I stumbled upon Jump Trials during a search for cheap games on the Nintendo eShop. I watched the video provided and was convinced that I’d enjoy the game. It was released on November 15, 2012 and comes from a developer known as G-Style. The game only costs $1.99, and contains the core elements of what make platformers, well, platformers.
The game’s main mode is Trials Mode, which features 100 simplistic arcade-like stages. You start off with the most basic platforming challenges at Level 10 and work your way up to the last level, Level 1. Your main objective in every level of trials mode is to jump on the pink switch; however, first, you must jump over a variety of obstacles. Each level contains 10 different stages that introduce you to new obstacles like icy floors, disappearing blocks, and spikes. The first few stages are easy to let you learn the basics of each obstacle, while the latter stages become much more challenging. Sticking to the theme of 10, each stage must be completed in less than 10 seconds.
In Jump Trials, you control a nameless stickman with only two moves in their repertoire: walking, and jumping. Walking is done simply enough with the D-Pad while jumping is accomplished with the A button. It will take a few stages to get the hang of the controls, mainly because the stickman’s movement is a little slow and the jumping feels a little heavy. You can change directions while jumping, but the stickman falls fast so you’ll have to judge accordingly. After a few stages, I became a platforming master, but the controls still played a small role in my failure during some of the game’s harder stages. Jumping with precision will be the key to clearing many of this game’s obstacles.
Jump Trials is a fun, yet bare-boned platformer that challenges you to overcome its obstacles without becoming too frustrating.
For the most part, Jump Trials is an extremely easy title, but as I mentioned above, there will be some tricky stages. Regardless, I had a lot of fun with Jump Trials, especially in the game’s Challenge Mode. In this mode, you are challenged to collect three medals (bronze, silver, and gold) and jump on the switch before the timer expires. While it isn’t necessary that you collect all three medals, you will be rewarded with a golden crown if you do. Getting the gold crowns on every level is much more challenging than completing the main game, and twice as fun. Levels will only become available when they are completed in Trials Mode.

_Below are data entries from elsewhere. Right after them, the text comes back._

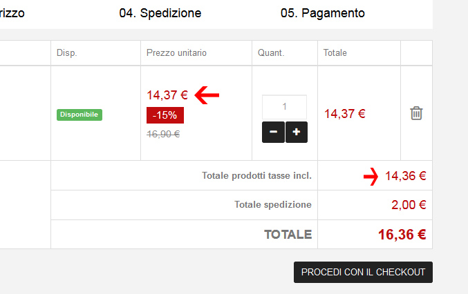curcio Posted February 22, 2018 Share Posted February 22, 2018 Salve ho un problema visibile nell'iimagine in allegato: vi è una discordanza di pochi centesimi tra il prezzo unitario del prodotto e il prezzo totale tasse incluse del carrello. Come mai? Ecco come ho configurato il sito: su regole carrello prezzo ho creato uno sconto del 15% su tutti i 2 tipi di gruppi utenti, visitatori e registrati, quindi il calcolo -15% viene fatto in automatico. Attendo info grazie Link to comment Share on other sites More sharing options...
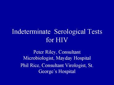 simple/rapid assay - Serum that is reactive is considered HIV antibody
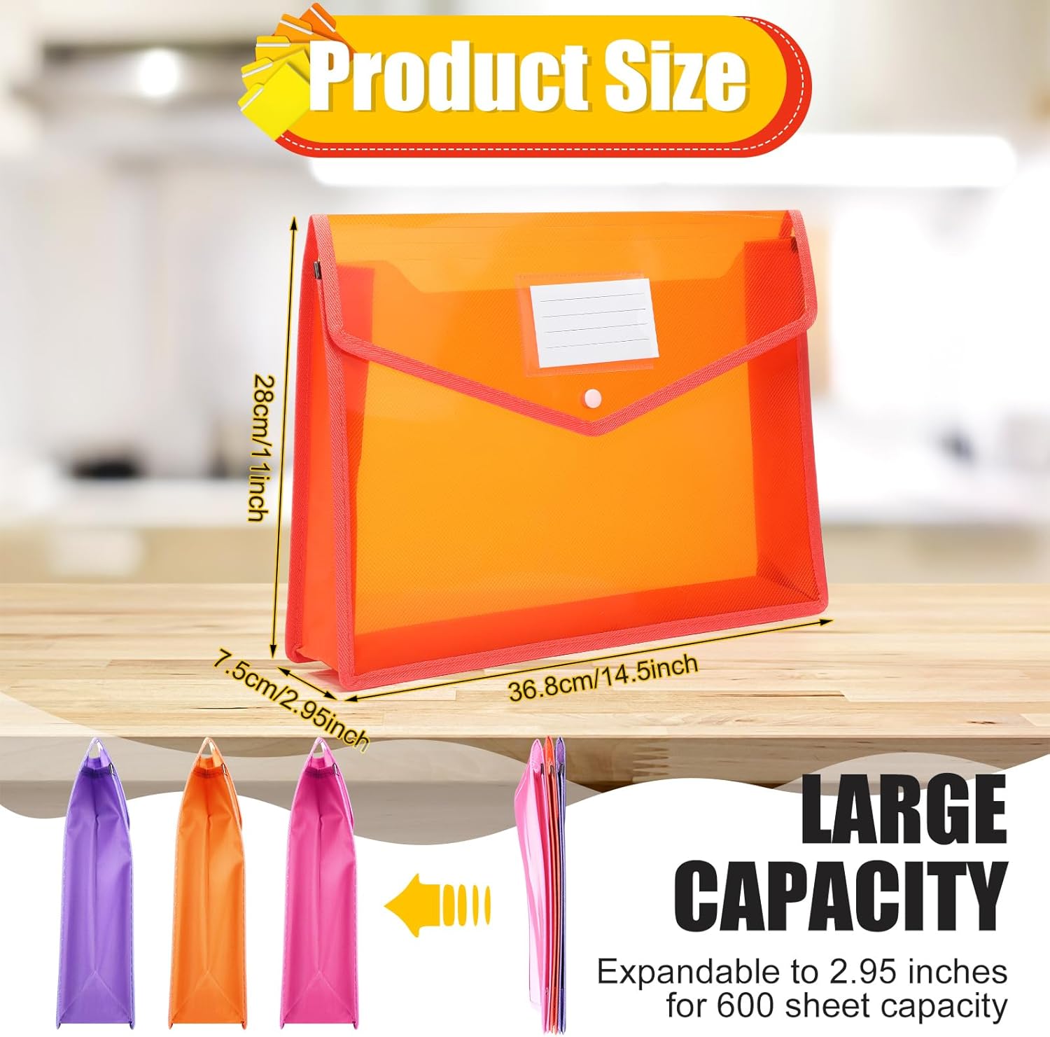 - Diverse Colors to Distinguish: you will receive 3 pieces of plastic envelopes with snap closure in 3 diverse colors, namely pink purple orange; These diverse colors can help you to distinguish different documents; And the enough quantity and colors can meet your daily use and also save your energy to find more folders
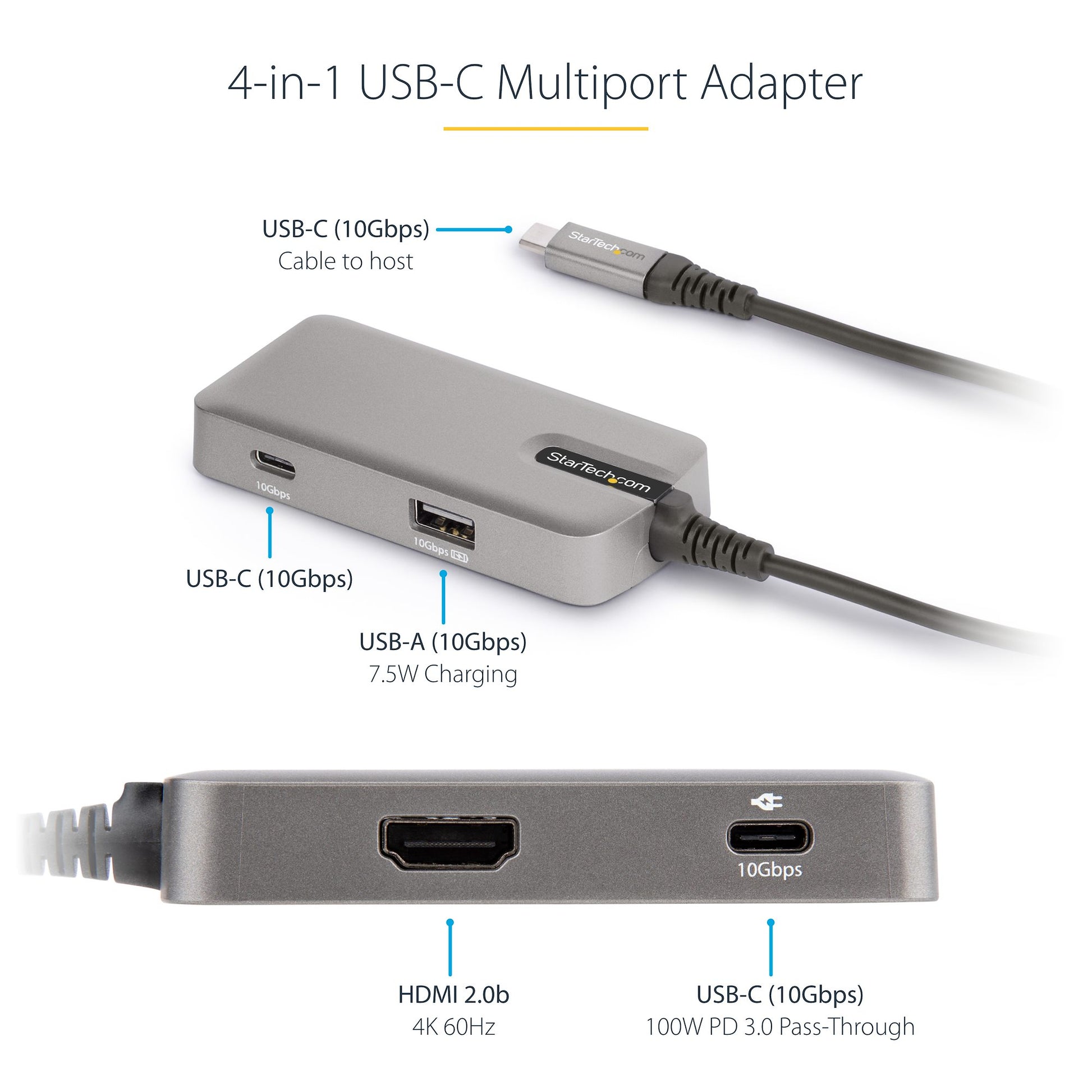 Adaptateur multiport USB C vers HDMI 2.0b HDR10 4K 60 Hz avec DP 1.4 Alt-Mode - 1x USB-A 10 Gbit/s avec BC 1.2 (7,5 W) 2x USB C avec 1x données partagées et 100 W PD Passthrough - Câble 10 pouces - Adaptateur d'alimentation Mini Dock de voyage Type-C ou alimenté par bus - Win/Mac/Chrome/iPad/Android

Visually, Jump Trials continues its bare necessities approach with very simplistic graphics. The main character is a stickman and it doesn’t really get much more basic than that. The levels are comprised of generic looking platforms and obstacles, as well as bland backgrounds. It would have been nice if G-Style cranked up the presentation factor a little bit. Sound wise, there isn’t a whole lot to say. There are only a few tracks, all of which are OK, but they repeat often. Again, it would have been nice to see G-Style put a little more effort into the non-gameplay aspects of its game.
Jump Trials is a fun, yet bare-boned platformer that challenges you to overcome its obstacles without becoming too frustrating. Its simplistic approach definitely works in its favour, but more effort in the visuals and soundtrack would be welcomed. Jump Trials will take just a little over two hours to fully complete, which amounts to about a dollar an hour. I’d recommended this to fans of the platformer genre, especially if you’re looking for a pick-up-and-play experience.